I don't play games much anymore, but I still have affection for them. I have
watched the gamergate thing unfold and began to feel things I hadn't felt in a
long time. It took me a little while but I finally remembered. It felt like
back when being a "nerd" wasn't cool, and your peers treated you like human
garbage for loving science fiction or typing code from a book into a Commodore
64.

I don't think a god damn thing has changed about people hating nerds, except
nowadays you pretend you're tolerant and enlightened so you have to construct
a moral failing that the nerd is guilty of even if they didn't personally do
anything to you. Then they're fair game for name-calling and personal abuse.
Basement-dweller neckbeard dateless permavirgin fedoralord.

------
kstenerud
What I'm seeing is a group of traditionally marginalised people being suddenly
thrust into positions of power. And lo and behold, their behaviour is more
mainstream than they're willing to admit.

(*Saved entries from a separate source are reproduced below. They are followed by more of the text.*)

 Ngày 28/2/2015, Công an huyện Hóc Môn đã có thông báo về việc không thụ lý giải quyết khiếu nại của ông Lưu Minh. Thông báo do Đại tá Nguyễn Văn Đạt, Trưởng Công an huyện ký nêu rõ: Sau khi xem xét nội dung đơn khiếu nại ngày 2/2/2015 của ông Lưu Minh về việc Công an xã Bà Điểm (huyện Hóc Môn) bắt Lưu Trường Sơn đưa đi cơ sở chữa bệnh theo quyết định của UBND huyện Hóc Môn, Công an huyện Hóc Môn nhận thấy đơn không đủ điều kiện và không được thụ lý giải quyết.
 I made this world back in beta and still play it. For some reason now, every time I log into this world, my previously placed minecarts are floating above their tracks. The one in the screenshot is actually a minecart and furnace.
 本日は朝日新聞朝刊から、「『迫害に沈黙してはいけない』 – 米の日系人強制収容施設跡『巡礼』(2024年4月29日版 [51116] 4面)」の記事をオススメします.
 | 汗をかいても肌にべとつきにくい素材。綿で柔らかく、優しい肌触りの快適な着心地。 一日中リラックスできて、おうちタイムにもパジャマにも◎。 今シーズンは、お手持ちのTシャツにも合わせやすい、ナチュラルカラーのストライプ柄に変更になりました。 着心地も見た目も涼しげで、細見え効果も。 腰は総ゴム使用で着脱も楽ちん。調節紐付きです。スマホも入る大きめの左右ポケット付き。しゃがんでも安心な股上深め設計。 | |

And therein lies the problem. Nerd culture holds fiercely to the differences
between them and the "mainstream". But what does one do when ones culture
becomes the mainstream? Suddenly, caustic behaviour and bullying are no longer
the eccentric responses of an oppressed people, but instead are the humdrum
machinations of your average asshole.

This is not nerd culture; it's HUMAN culture, and must be dealt with as such.
You don't treat those who lack empathy with kid gloves.

------
daveloyall
I agree with @mindcrime that the spirit of this is right and the details have
probably been implemented by an amateur.

I read an article on this topic recently which said something about people who
grok what a meme is.

Let's say that you are in that club and also agree with the author in spirit.

Some trolls are paid to be disruptive because you-know-who doesn't want our
geek community to be _too_ unified. Oh, and the shills are sometimes armed
with big-data insights, too.

...Yes? Okay. :)

------
krigi
I had to stop reading half way through. Whenever this type of examination is
posted, it's usually that the author finally realizes he's an individual and
doesn't have to adhere to any culture at all.

------
mindcrime
I'm not sure I agree with all the amateur psychoanalysis stuff in this piece,
but I generally agree with the overall spirit. Hacker culture / geek culture /
whatever you want to call it, isn't always as welcoming and kind-spirited as
it could be, and I think that's sad. It's sad on very many levels too -
everytime a prospective Open Source contributor walks away because a group of
morons on IRC were acting like dickheads, or anytime a kid decides to study
finance instead of physics or computer science, everytime somebody (note:
Female OR Male OR Trans, whatever) is harassed and abused at a conference, it
makes the world a suckier place.

I wish we could get geek culture (and, to be honest, ALL human culture
eventually) to adhere to a simple "Be Excellent To Each Other" principle. It's
really not that hard to choose being kind over being a dick, or to choose to
treat other people with respect and dignity instead of being an asshole. So
why not just do it?